SIR Ronald Sanders, the High Commissioner for Antigua and Barbuda in London, has been reinstated in the contest for the post of Commonwealth Secretary-General after withdrawing his candidacy in December.
Prime Minister Gaston Browne, of Antigua and Barbuda, has written to the heads of CARICOM saying he had been “overwhelmed by messages of regret and requests for reconsideration from within and beyond the Caribbean” after Sir Ronald’s withdrawal.
In a letter on February 12 to the heads of government of the Bahamas, Barbados, Belize, Dominica, Grenada, Guyana, Jamaica, St Kitts-Nevis, St Lucia, St Vincent and the Grenadines, and Trinidad and Tobago, Mr Browne said that the messages had shown that the Commonwealth “has been deprived, at a time of crisis, of the candidate manifestly most suitable and most likely to be chosen given his Commonwealth-wide network and diplomatic experience”.

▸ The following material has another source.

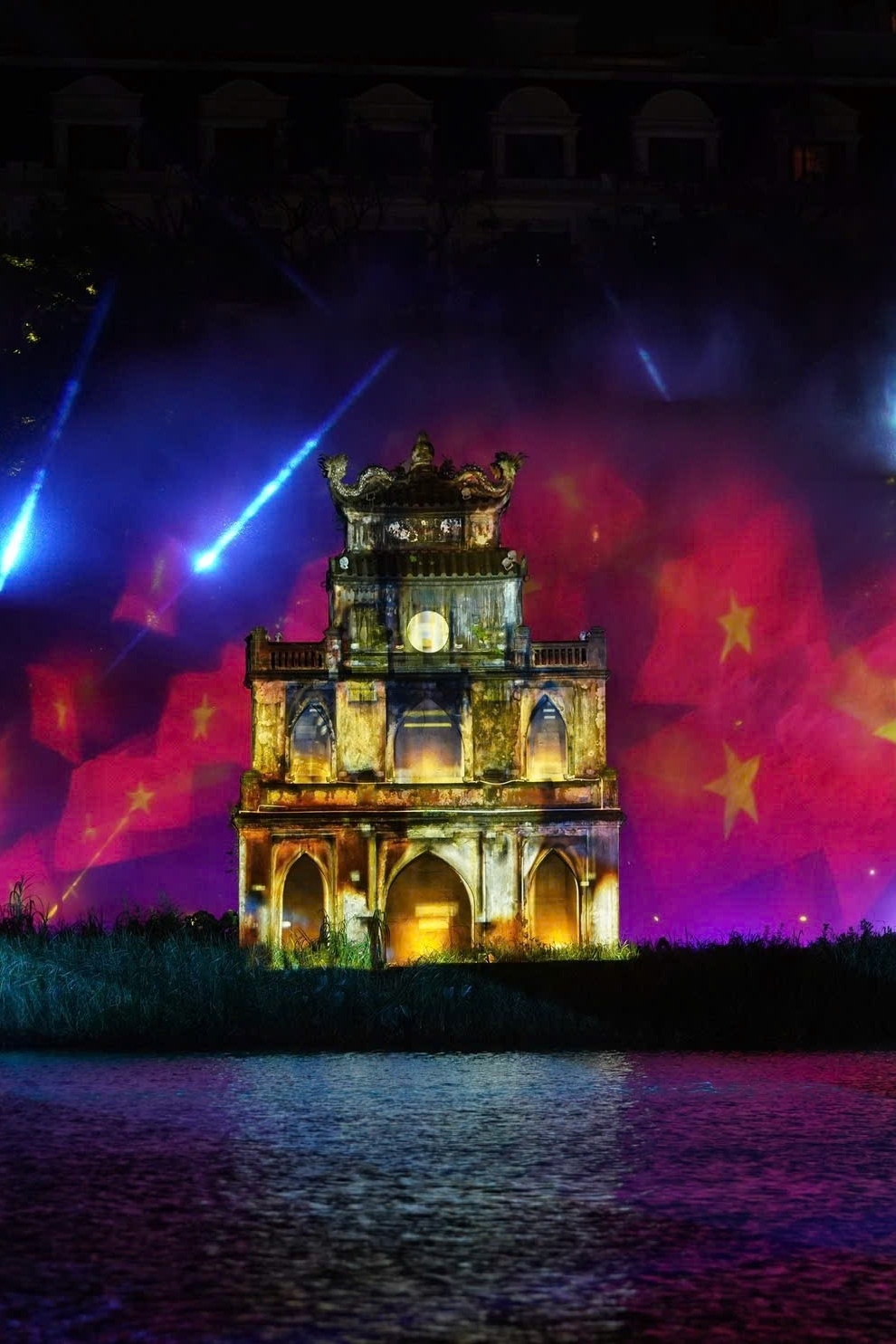 Hà Nội trình diễn 3D mapping tại khu vực Tháp Rùa (Hồ Gươm) mừng Quốc khánh 2/9. Ảnh: Linh Huỳnh.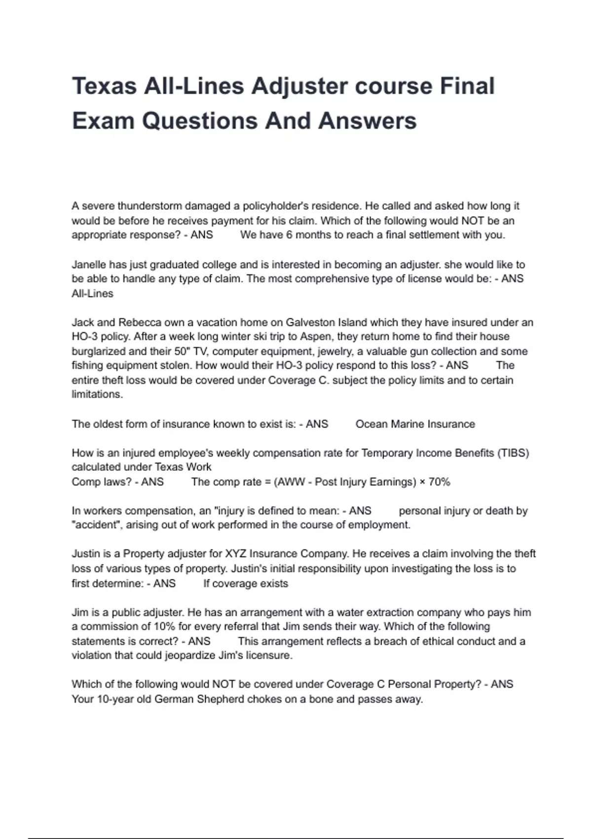 A severe thunderstorm damaged a policyholder's residence. He called and asked how long it would be before he receives payment for his claim. Which of the following would NOT be an appropriate response? - ANS We have 6 months to reach a final settlement with you. Janelle has just graduated college and is interested in becoming an adjuster. she would like to be able to handle any type of claim. The most comprehensive type of license would be: - ANS All-Lines Jack and Rebecca own a vacation home on Galveston Island which they have insured under an HO-3 policy. After a week long winter ski trip to Aspen, they return home to find their house burglarized and their 50" TV, computer equipment, jewelry, a valuable gun collection and some fishing equipment stolen. How would their HO-3 policy respond to this loss? - ANS The entire theft loss would be covered under Coverage C. subject the policy limits and to certain limitations. The oldest form of insurance known to exist is: - ANS Ocean Marine Insurance How is an injured employee's weekly compensation rate for Temporary Income Benefits (TIBS) calculated under Texas Work Comp laws? - ANS The comp rate = (AWW - Post Injury Earnings) × 70% In workers compensation, an "injury is defined to mean: - ANS personal injury or death by "accident", arising out of work performed in the course of employment. Justin is a Property adjuster for XYZ Insurance Company. He receives a claim involving the theft loss of various types of property. Justin's initial responsibility upon investigating the loss is to first determine: - ANS If coverage exists Jim is a public adjuster. He has an arrangement with a water extraction company who pays him a commission of 10% for every referral that Jim sends their way. Which of the following statements is correct? - ANS This arrangement reflects a breach of ethical conduct and a violation that could jeopardize Jim's licensure. Which of the following would NOT be covered under Coverage C Personal Property? - ANS Your 10-year old German Shepherd chokes on a bone and passes away. A tornado strikes a duplex that is insured under a Dwelling (DP-3) policy. Which of the following would NOT be covered by the Dwelling policy? - ANS Damage to another duplex right next door, also owned by the landlord. Common carriers (i.e. 18-wheelers, trains, planes, etc.) are responsible for damage to customer goods they transport EXCEPT for damages resulting from: - ANS Acts of God You have just started your career handling Texas workers' compensation claims. Which one of the following WOULD BE considered a violation of the Texas Unfair Claim Settlement Practices Act? - ANS Not responding to an employee's calls because you're overworked and the claim involves complex issues you just don't feel like addressing. Which type of bond would be used to cover the exposure to employee theft? - ANS Fidelity bond Garrett wants a Texas All Lines Adjuster's license. Which of the following actions will be necessary for Garrett to secure such a license? - ANS Pass a state qualifying exam or pre-licensing course that is certified by the Texas Department of Insurance that includes an approved, comprehensive final examination of 150 questions, and attach the Certificate of Completion to an application for licensure. The DP.3 Dwelling form is an "Open Risk" policy. This means that: - ANS All risks of direct physical loss are covered unless they are excluded Assume your home caught fire due to a faulty electrical device. and one month after the fire you receive a bill from the fire department for $450.00 for responding to the fire. Would this be paid under your homeowner's policy? - ANS Yes. It is called Fire Department Service Charge and is an Additional Coverage provided under the policy, limited to $500. Generally, if an employee suffers an occupational injury and accepts workers' compensation benefits, he or she: - ANS Gives up the right to sue the employer for personal injury and pain and suffering. The employee can only make claim for workers' compensation benefits. Janelle has a Texas Personal Auto Policy with 30/60/25 policy limits. She hits a car with 4 occupants, all of whom are hurt. They all sue. Each of the injured parties receives identical verdicts of $40,000. Under Janelle's bodily injury liability coverage, what is the total amount that the company would pay for the injuries to these plaintiffs? - ANS $60,000 A person or entity who guarantees the performance or payment of one party who is obligated by contract to another is called a: - ANS Surety If your insured were to ask you if a Dwelling policy would pay for his loss of rental income after a fire loss while the property is being repaired. what would you tell him? - ANS Yes, and it's called Fair Rental Value coverage and is available under Coverage D. Fred runs a convenience store that sells gasoline. One day a customer pulls away from the pump while the gas is still pumping, breaks the pump line and causes gasoline to escape all over the parking lot and into the storm drain. Fred files a claim under his commercial property policy. Damage to repair the pump totals $545.00 and $257.00 worth of gasoline was pumped out before anyone noticed and stopped the pump. The local HazMat team was called out by the authorities to clean up the parking lot and the storm drain. Fred received a bill from the County for $12.850.00 for the clean up. He sends the bill to you to pay. What kind of coverage is available to Fred as a commercial property extension of coverage needed to pay this loss? - ANS Pollution Clean Up and Removal A cargo ship loaded with lumber and sailing from Seattle, Washington to Tokyo, Japan, encountered "the perfect storm" during its trip across the Pacific Ocean. Some of the lumber was thrown overboard to save the ship. This action is called: - ANS Jettison Roberto owns a house on Lake Conroe. The house is insured with an HO-3 policy. During a storm, a tornado touches down and severely damages the

Sir Ronald, 67, had the declared support of nine of the 12 Commonwealth Caribbean governments’ votes. Mr Browne said he was anxious that the region proceed with a consensus candidate if possible and, after urging Sir Ronald to reconsider on that basis, was pleased he had accepted. Sir Ronald had withdrawn late last year citing delay by the region’s delegates to make a decision over their preferred candidate.
The determination on what should be a unanimous candidate should be taken during the CARICOM inter-sessional conference in The Bahamas, chaired by Prime Minister Perry Christie, on February 27.